> **The problem**:
Here are some records; copy every line that holds the word "demonstrated".

(Data items)
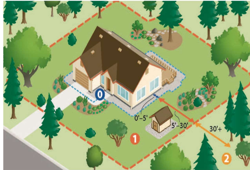
Map of Zone 0, 1, and 2

El Cerrito/Kensington fire completed its first round of lot inspections in the very high fire severity zone (VHFSZ) per local ordinances and AB 3074. Our prevention officers inspected 8,412 properties (2,199 in Kensington) and issued 144 mitigation notices. AB 3074 requires the inspections of properties in the VHFSZ according to regulations of Zone 1 and Zone 2 (California Fire Code C. 49, Veg Management sec 4906). Zone 1 regulates combustibles within 30 feet of the home, and Zone 2 regulates combustibles from 30 and 100 feet of the house. Zone 0 is intended to regulate combustibles within 5 feet of the home but has not been established by the California State Fire Marshal. The current estimate for Zone 0 regulation is late 2026.
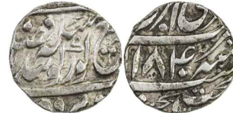
1975. SIKH EMPIRE: AR nanakshahi rupee (11.24g), Amritsar, VS1840, KM-A20.1a, Herlli-01.04.04, one of the rarest dates of the Amritsar mint, sometimes known as the Dar Khalsa type, bold EF, R $300 - 400
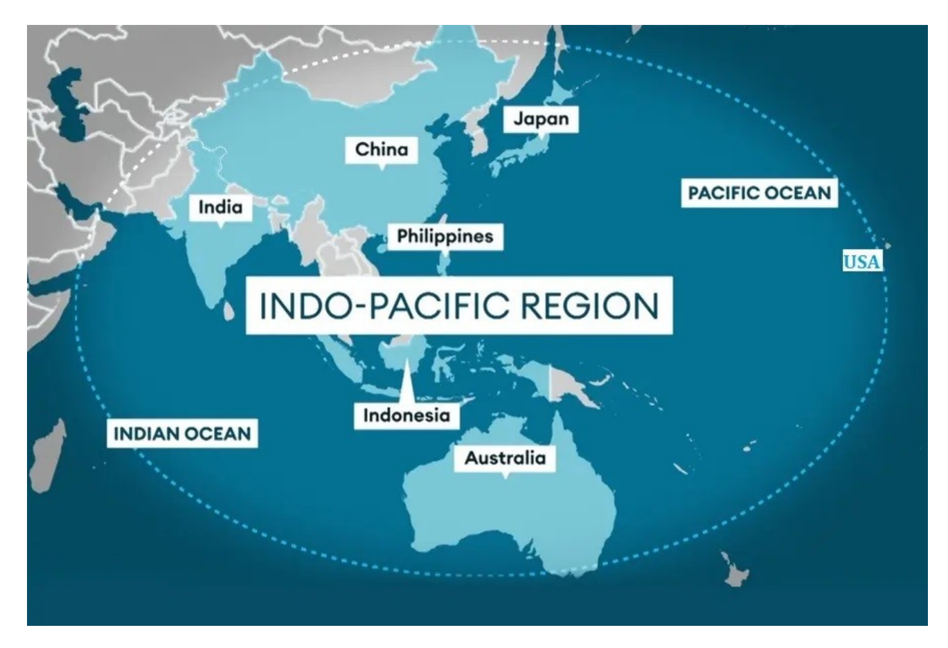
What is Japan's New Plan for a Free and Open Indo-Pacific (FOIP)?
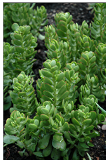
Red Carpet Stonecrop
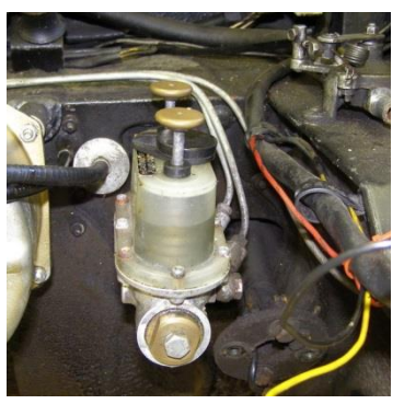
2. The old master brake cylinder.
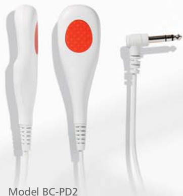
Model BC-PD2 Model BC-PD3
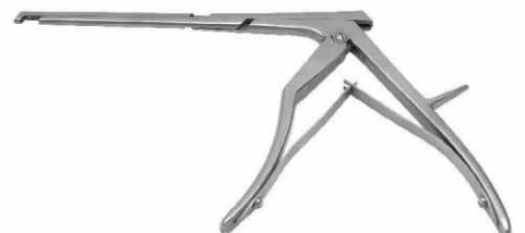
Punch Forceps-45° Angle-Downcutting Code No.: 389.012
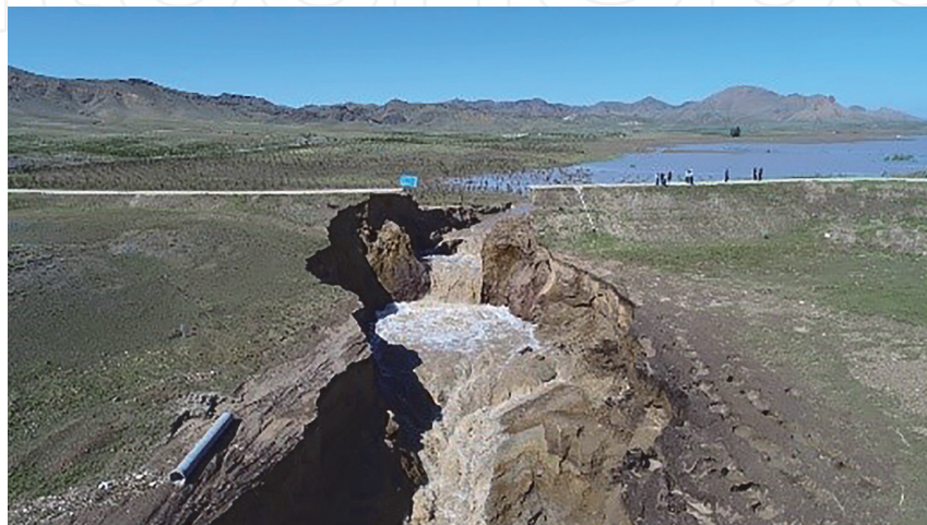
Figure 3. Final breach of Zenglongchang dam.
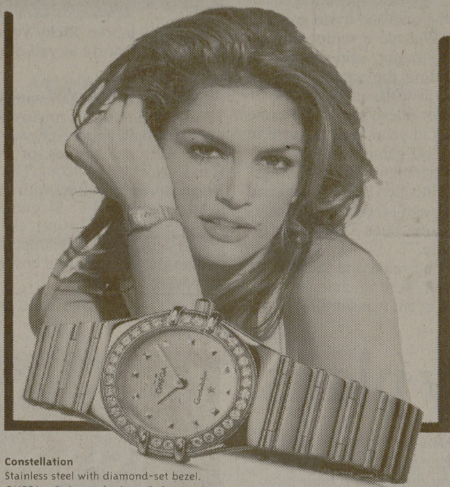
Constellation Stainless steel with diamond-set bezel. OMEGA - Swiss made since 1848.
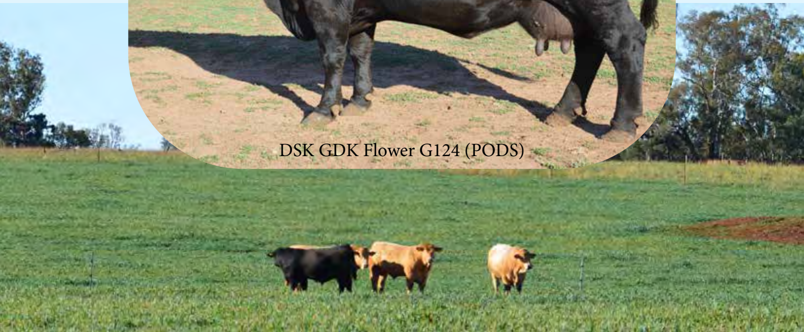
DSK GDK Flower G124 (PODS)
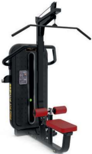
LAT PULL DOWN
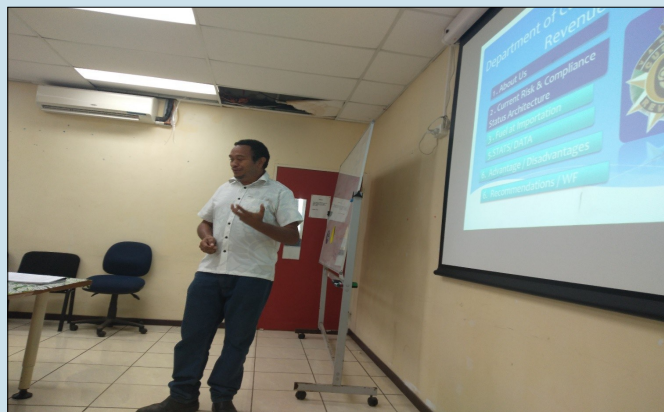
Above picture showed the group of stakeholders on the first workshop hosted
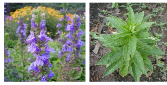
Great Blue Lobelia: Flower and Leaves
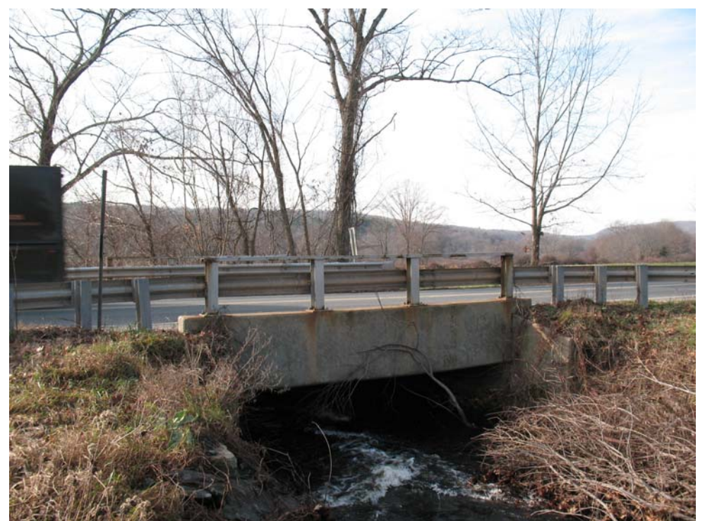
Pipeline Segment 55: Cedar Swamp Brook Culvert beneath Route 32
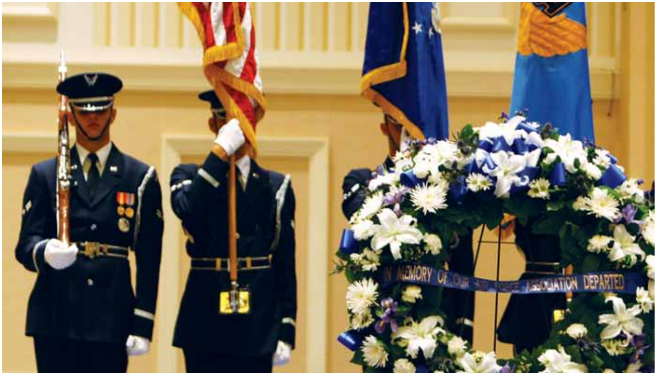
A USAF color guard stands at attention during the memorial wreath-laying ceremony, which honors those who have died during the year.
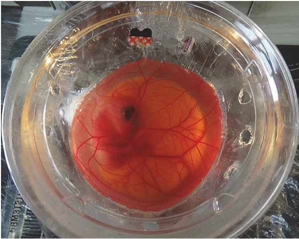
Fig. 1. Chicken embryo on day 11 of culture, based on the method of Tahara and Obara (2014).

use rice bowls as culture vessels to observe the early development of chicken embryos (Motokawa et al. , 2008). These approaches have also been demonstrated in class. However, these approaches have not achieved embryo hatching.
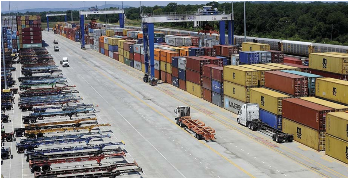
The South Carolina Inland Port opened in 2013 in Greer, SC.

General growth in traffic volumes will also increase potential conflicts at rail crossings. GPATS should monitor these trends and target roadways for improvement as necessary.
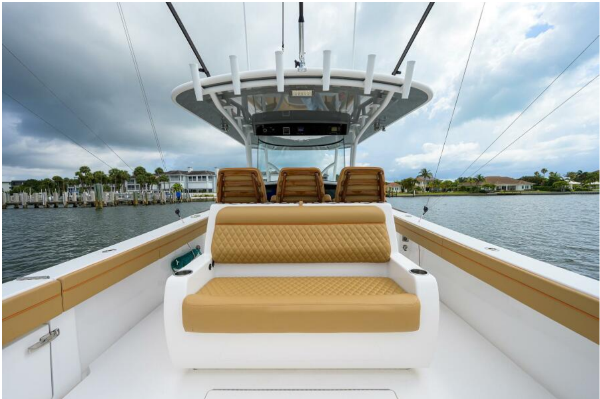
Valhalla 41 Reel Time - Aft Facing Seating 2021 Valhalla 41 Center Console Reel Time
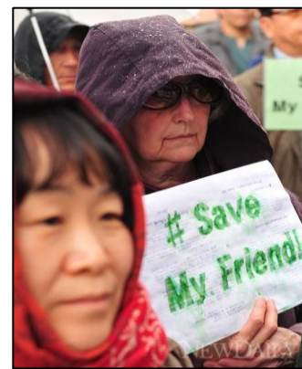
Activists in Seoul held a demonstration in front of the Chinese Embassy.
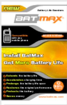
BatMax / Mobile Phone 45 X 25 mm Model #: BA/M-01 UPC: 185967000017
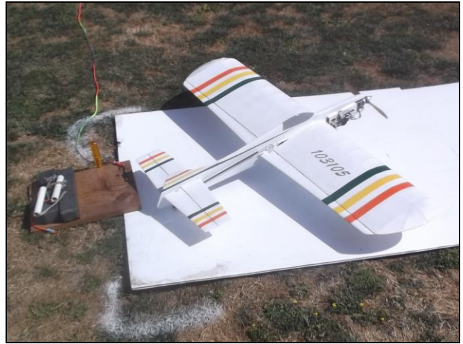
Mark's plane ready to start
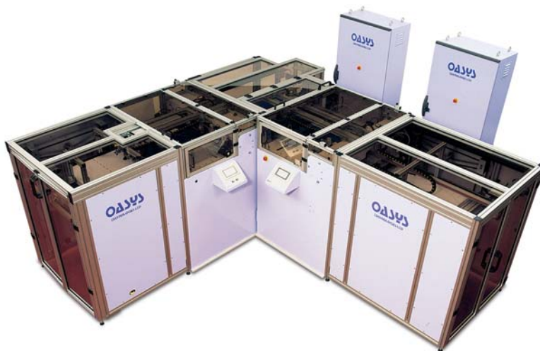
ODG600 DOUBLE GUILLOTINE
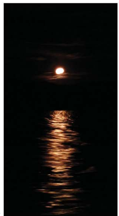
Full Moon Rising Lake Mohave, NV Matt Durham
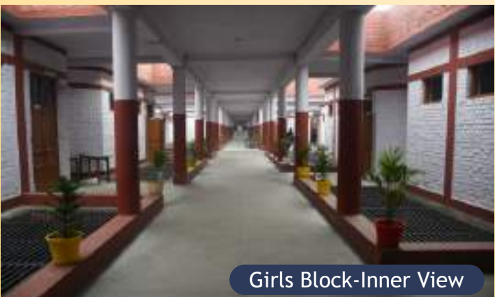
Girls Block-Inner View
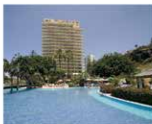
Sunlight Bahia Principe ***** sup San Felipe
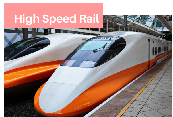
High Speed Rail
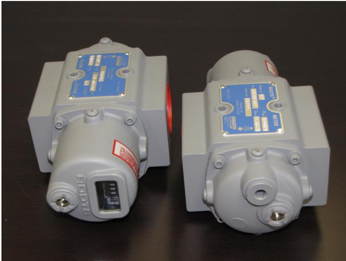
Position 1: Opposite of Normal/ Vertical Up
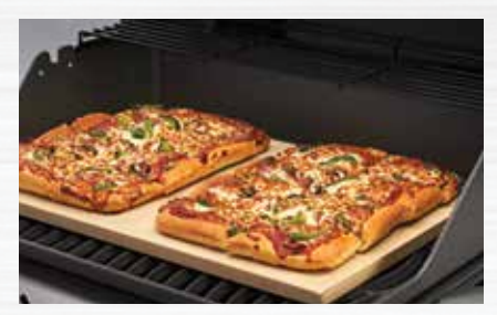
Rectangular Baking Stone
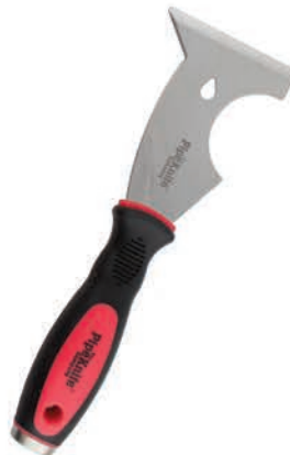
6IN1 Heavy-Duty Tool ( Best Seller ) P/N: 6IN1HD
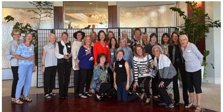
Fall Social November 1
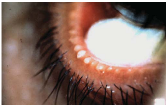
FIGURE 5. Obvious obstructive MGD with forceful expression. The eyelid and eyelid margin evidences obvious inflammation. The lower eyelid is compressed between a swab on the palpebral conjunctival surface and the thumb (or other firm instrument) on the outer eyelid surface. The amount of pressure required for forceful expression varies from 4 to 275 g/mm 2 (approximately 1.2–80 psi). This photograph illustrates that expression with adequate force may express copious amounts of inspissated secretion. The secretion may be white or purulent.

rectangular contact surface area of approximately 40 mm 2 with rounded edges; it applies a constant pressure, 1.25 g/mm 2 , to approximately one third of the external lower eyelid, allowing the simultaneous expression of approximately 8 meibomian glands (Figs. 3, 4). This pressure, 1.25 g/mm 2 , elevated the intraocular pressure from 12 to 18 mm Hg to approximately 35 mm Hg. Using this standardized pressure applied for a time of 10–15 seconds, they demonstrated significant correlation between dry eye symptoms and the number of meibomian

> **Solution to this problem**:
use rice bowls as culture vessels to observe the early development of chicken embryos (Motokawa et al. , 2008). These approaches have also been demonstrated in class. However, these approaches have not achieved embryo hatching.
rectangular contact surface area of approximately 40 mm 2 with rounded edges; it applies a constant pressure, 1.25 g/mm 2 , to approximately one third of the external lower eyelid, allowing the simultaneous expression of approximately 8 meibomian glands (Figs. 3, 4). This pressure, 1.25 g/mm 2 , elevated the intraocular pressure from 12 to 18 mm Hg to approximately 35 mm Hg. Using this standardized pressure applied for a time of 10–15 seconds, they demonstrated significant correlation between dry eye symptoms and the number of meibomian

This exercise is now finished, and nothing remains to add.